Malhotra Sony, Sowdhamini Ramanathan
National Centre for Biological Sciences (TIFR), GKVK Campus, Bellary Road, Bangalore 560 065, India.
BMC Genomics. 2014 Dec 22;15(1):1159. doi: 10.1186/1471-2164-15-1159.
Gene expression is tightly regulated at both transcriptional and post-transcriptional levels. RNA-binding proteins are involved in post-transcriptional gene regulation events. They are involved in a variety of functions such as splicing, alternative splicing, nuclear import and export of mRNA, RNA stability and translation. There are several well-characterized RNA-binding motifs present in a whole genome, such as RNA recognition motif (RRM), KH domain, zinc-fingers etc. In the present study, we have investigated human genome for the presence of RRM-containing gene products starting from RRM domains in the Pfam (Protein family database) repository.
In Pfam, seven families are recorded to contain RRM-containing proteins. We studied these families for their taxonomic representation, sequence features (identity, length, phylogeny) and structural properties (mapping conservation on the structures). We then examined the presence of RRM-containing gene products in Homo sapiens genome and identified 928 RRM-containing gene products. These were studied for their predicted domain architectures, biological processes, involvement in pathways, disease relevance and disorder content. RRM domains were observed to occur multiple times in a single polypeptide. However, there are 56 other co-existing domains involved in different regulatory functions. Further, functional enrichment analysis revealed that RRM-containing gene products are mainly involved in biological functions such as mRNA splicing and its regulation.

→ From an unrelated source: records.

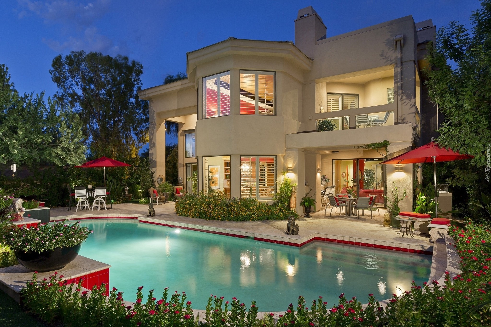 Edytor tapety: Dom, Willa, Basen, Ogród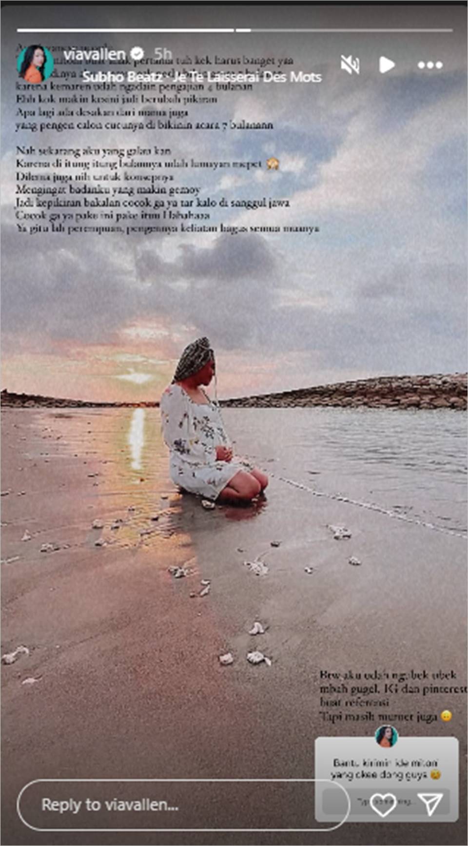 "Nah sekarang aku yang galau kan karena diitung-itung bulannya udah lumayan mepet. Dilema juga nih untuk konsepnya mengingat badanku yang makin gemoy," lanjut Via.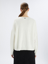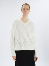 The Astrid sweater is defined by a classic diamond motif, created through a combination of openwork and topstitching. The geometric design is enhanced by the interplay of raised and flat sections, resulting in a tone-on-tone, eclectic texture.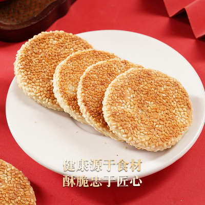 黄石芝麻港饼麻香脆饼酥饼传统美食中华老字号300g薄脆馅饼零食

Our sequence analysis identified RRM-containing gene products in the human genome and provides insights into their domain architectures and biological functions. Since mRNA splicing and gene regulation are important in the cellular machinery, this analysis provides an early overview of genes that carry out these functions.
基因表达在转录和转录后水平都受到严格调控。RNA结合蛋白参与转录后基因调控事件。它们参与多种功能,如剪接、可变剪接、mRNA的核输入和输出、RNA稳定性及翻译。在整个基因组中存在几种特征明确的RNA结合基序,如RNA识别基序(RRM)、KH结构域、锌指等。在本研究中,我们从Pfam(蛋白质家族数据库)储存库中的RRM结构域开始,对人类基因组中含RRM的基因产物进行了研究。
在Pfam中,记录有7个家族包含含RRM的蛋白质。我们研究了这些家族的分类代表性、序列特征(同一性、长度、系统发育)和结构特性(在结构上绘制保守性)。然后,我们检查了智人基因组中含RRM的基因产物的存在情况,并鉴定出928个含RRM的基因产物。对这些产物的预测结构域结构、生物学过程、参与的途径、疾病相关性和紊乱内容进行了研究。观察到RRM结构域在单个多肽中多次出现。然而,还有56个其他共存结构域参与不同的调控功能。此外,功能富集分析表明,含RRM的基因产物主要参与mRNA剪接及其调控等生物学功能。
我们的序列分析在人类基因组中鉴定出含RRM的基因产物,并提供了对其结构域结构和生物学功能的见解。由于mRNA剪接和基因调控在细胞机制中很重要,该分析提供了对执行这些功能的基因的早期概述。